Sans doute celui qui me lirait rirait bien de moi, comme le firent les compagnons du jeune Kléber, lorsqu’il répondait à l’évêque lui demandant ce qu’il serait une fois devenu grand : « Moi, je serai maréchal de France. » — Eh bien ! à mon tour, je dis : j’arriverai à la gloire ; je serai utile à mon pays. Il y a en moi une sève juvénile qui met dans tous mes actes un irrésistible enthousiasme. L’angoisse peut m’effleurer, elle ne m’abattra pas. Plus il y aura d’obstacles, plus je serai fort. C’est dans le danger qu’on mesure son courage.

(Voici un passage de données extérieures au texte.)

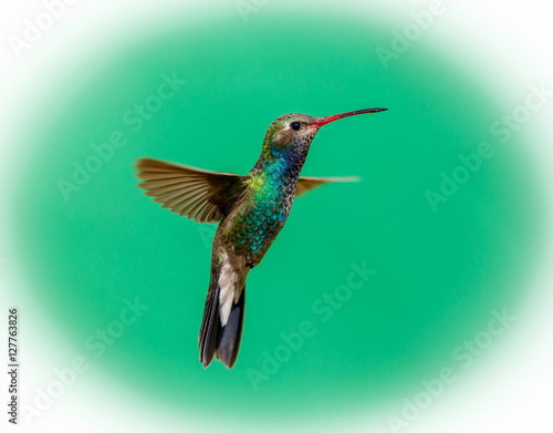 © Hummingbird Art, Fototapeta premium Broad Billed Hummingbird. Using different backgrounds the bird becomes more interesting and blends with the colors. These birds are native to Mexico and brighten up most gardens where flowers bloom.

QUINZE OCTOBRE. — Étude de quatre heures et trente. — Impossible de travailler ce soir. Je regarde autour de moi : tout le monde paraît étudier. La plupart de mes condisciples écrivent : c’est l’heure des devoirs. Sous les flots de lumière électrique, je vois deux cents têtes penchées sur les livres, absorbées dans la recherche des mille petits problèmes que suscitent un thème ou une version. J’entends le bruit léger et un peu aigre des plumes qui courent sur les pages blanches, et le bruissement des feuilles qu’on tourne et retourne. Un appel au labeur surgit de toute la salle. Pourquoi donc ne puis-je y répondre, moi ? Mon imagination folle me soustrait à cette atmosphère encourageante.

Une rêverie m’absorbe et m’amuse. Je ferme les yeux et je vois une féerie qui tourbillonne autour de moi. Oh ! quel beau salon, que de messieurs élégants et de dames en toilettes ! L’orchestre joue, la danse s’ouvre. N’est-ce pas moi qu’on invite ? Quelqu’un me signale, partout on me désigne. Le bonheur me grise. Subitement mon rêve change, se transforme, se complète, revient. Tantôt je suis dans une grande soirée, avec tous les succès mondains ; tantôt je me retrouve à mon bureau de médecin, sur la rue Sherbrooke.

Je me suis fait une vie à part en mon intérieur, et, chaque fois que j’ai un moment de loisir, je m’envole vers mon petit château où m’accueillent une famille charmante, des amis sincères et beaucoup d’admirateurs. Quelle étrange chose ! Sûrement mon cas est exceptionnel, et personne ne saurait le comprendre. Aussi j’écris ces réflexions pour moi seul. J’aurais bien honte si quelqu’un les lisait, même mon confesseur.

VINGT OCTOBRE. — Hier, j’étais complètement découragé, je ressentais un immense dégoût. Mon cœur n’avait pas le moindre tressaillement. Mon idéal était mort, ma pensée était morte. Tant de labeur accompli pour m’instruire, tant d’efforts pour acquérir la vertu, cela me pesait, m’irritait. Il me venait l’idée absurde de tout jeter aux quatre vents, de m’anéantir moi-même, d’épuiser la coupe des jouissances. À quoi bon travailler ! À quoi bon lutter ! Délivrons-nous, brisons le joug. À moi la liberté, à moi tous les plaisirs !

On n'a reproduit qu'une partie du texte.